SEBAHAT KARAKOYUN

Cumhurbaşkanı Tayyip Erdoğan’ın talimatıyla yurt dışındaki Gülen okullarına karşı iktidar olanaklarıyla alternatif yaratmak için kurulan ve “paralel” Milli Eğitim Bakanlığı gibi çalışacak yetkilerle donatılan Maarif Vakfı ayrıcalığa doymuyor. Yandaş isimlerden oluşan vakfın mütevelli heyeti üyelerine “huzur hakkı” adı altında yapılan ödeme ‘sır’ gibi saklanırken, OHAL kapsamında çıkarılan KHK ile 1 Temmuz’dan itibaren etüt merkezlerinin kapatılması da vakfa yarayacak.

Özel bir yasa ile kuruluşu tartışmalara yol açan ve beş aydır faaliyette olan Maarif Vakfı, aralarında Somali, Gine ve Nijer’in de bulunduğu Afrika ülkelerinde Gülen’le bağlantılı olduğu belirtilen okulları devralmak ve yeni okullar açmak üzere çalışmalarını sürdürüyor. Vakıf, Suriye Cerablus’ta da 3 okul açtı.

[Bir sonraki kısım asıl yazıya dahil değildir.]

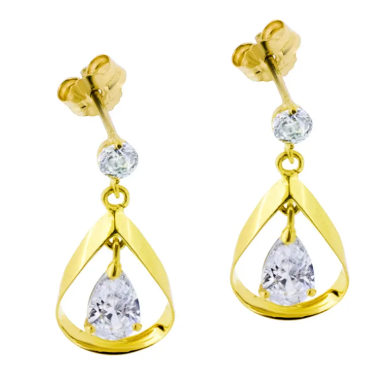 Hängande guldörhängen 18 karat med vita gnistrande cubik zikoner.

Diplomatik pasaportlu vakıf üyeleri
“Paralel bakanlık” olarak nitelenen vakfın 12 kişilik mütevelli heyeti, 4’ü cumhurbaşkanı, 3’ü başbakan ve diğerleri ilgili bakanlıklar tarafından atanan isimlerden oluşuyor. Aralarında “ilk türbanlı bakan” olan eski Aile ve Sosyal Politikalar Bakanı Ayşe Gürcan’ın da bulunduğu vakfın mütevelli heyetine “huzur hakkı” olarak yapılan ödemeler sır gibi saklanıyor. Bu konuda verilen soru önergelerine ve bilgi edinme kapsamında yöneltilen sorulara “Bakan’ın takdirinde” denilerek yanıt verilmiyor.

OHAL fırsatçılığı
Yasa ile kurs, etüt ve kültür merkezi kurma yetkisi verilen vakfın bu alana da el atabilmesi için OHAL kapsamında çıkarılan 687 sayılı KHK ile etüt merkezlerinin 1 Temmuz 2017’den itibaren kapatılmasına karar verildi.

Vakfa bir başka OHAL kararnamesiyle daha ayrıcalık tanındı. 676 sayılı KHK ile vakfın faaliyetlerinin yürütülmesi için kamu kurumlarından personel görevlendirilmesi öngörüldü. Görevlendirilen personel izinli sayılacak ve yurt dışı görevinde de “yurtdışı aylığı” alacak.

Barınmayı da sağlayacak
Yurtdışına dil öğrenimi ve eğitim için giden gençler için, vakıf olanaklarıyla “maarif evleri” adı altında konaklama yerleri de açılması gündemde.